Ein Sprecher von Verkehrsminister Alexander Dobrindt (CSU) sagte in Berlin, die Tests fänden im Auftrag des KBA auf Prüfständen und während der Fahrt statt. Laut KBA sind neben den VW-Konzernmarken auch Hersteller wie BMW, Ford, Opel, Fiat, Mercedes-Benz, Alfa Romeo, Dacia, Hyundai, Toyota oder Mazda in dem Prüfverfahren.

Übersicht der Marken und Modelle in der Nachprüfung des KBA, Stand 11. November 2015:

Autos deutscher Hersteller

Audi BMW Ford Opel
Audi A6, A3 BMW 3er, 5er, Mini Ford Focus, C-Max Opel Astra, Insignia, Zafira
Mercedes Porsche Smart VW
Mercedes C-Klasse, CLS, Mercedes Sprinter, V-Klasse Porsche Macan Smart Fortwo VW Golf, Beetle, Passat, Touran, Polo, SportsVan, Touareq, VW Crafter, Amarok

 

Pkw ausländischer Hersteller

Alfa Romeo Chevrolet Fiat Dacia Hyundai
Alfa Romeo Guilietta Chevrolet Cruze Fiat Panda, Fiat Ducato Dacia (Motortyp SD) Hyundai iX35,i20
Honda Jeep Land Rover Mazda Mitsubishi
Honda HR-V Jeep Cherokee Land Rover Evoque Mazda 6 Mitsubishi ASX
Nissan Peugeot Renault Toyota Volvo
Nissan Navara Peugeot 308 Renault Kadjar Toyota Auris Volvo V60

Getestet werden auch einige leichte Nutzfahrzeuge. Laut Verkehrsministerium sollen die Ergebnisse in einem Gesamtbericht veröffentlicht werden. Wann das sein wird, ist noch offen. Ein Daimler-Sprecher sagte in Stuttgart, man unterstütze die Behörde.„Derzeit liegen uns noch keine Messergebnisse vor.“ Man begrüße die Tests. „Wir haben nichts zu verbergen.“ Der Verband der Automobilindustrie (VDA) warnte bereits zuvor, die Branche unter Generalverdacht zu stellen. „Es gibt keinen Grund, von einem auf alle zu schließen. Wenn ein Unternehmen betrogen hat, dann ist das inakzeptabel, aber es diskreditiert nicht die gesamte deutsche Automobilindustrie“, bekräftigte VDA-Präsident Matthias Wissmann im Gespräch mit der „Süddeutschen Zeitung“.

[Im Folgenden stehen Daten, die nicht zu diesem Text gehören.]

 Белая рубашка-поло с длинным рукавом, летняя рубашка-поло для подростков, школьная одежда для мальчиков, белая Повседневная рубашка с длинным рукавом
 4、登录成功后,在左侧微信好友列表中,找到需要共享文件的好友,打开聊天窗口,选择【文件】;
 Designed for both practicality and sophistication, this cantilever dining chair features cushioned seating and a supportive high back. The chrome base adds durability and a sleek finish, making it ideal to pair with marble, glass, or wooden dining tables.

Volkswagen hat unterdessen eine Schlüsselstelle für die Aufklärung von Unregelmäßigkeiten neu besetzt. Der bisherige Leiter der Konzernrevision ist laut einem Bericht von NDR1 Niedersachsen bereits vor einigen Wochen abgelöst worden. Das Unternehmen äußerte sich am Mittwoch nicht zu dieser Personalie. Über den bevorstehenden Abgang des Managers hatte im Oktober auch die „Bild am Sonntag“ berichtet.

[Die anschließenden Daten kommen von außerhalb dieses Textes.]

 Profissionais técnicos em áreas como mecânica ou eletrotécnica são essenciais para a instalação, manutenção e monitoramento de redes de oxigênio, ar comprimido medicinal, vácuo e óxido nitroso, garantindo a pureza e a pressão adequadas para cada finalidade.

Der neue Chef der Abteilung, die über die Einhaltung der Regeln für die sogenannte Compliance (ethisch korrektes Handeln) wacht, ist Markus Eberl, der wie der neue Konzernchef Matthias Müller von Porsche nach Wolfsburg gewechselt ist. Konzernkreise bestätigten die Personalie am Mittwoch.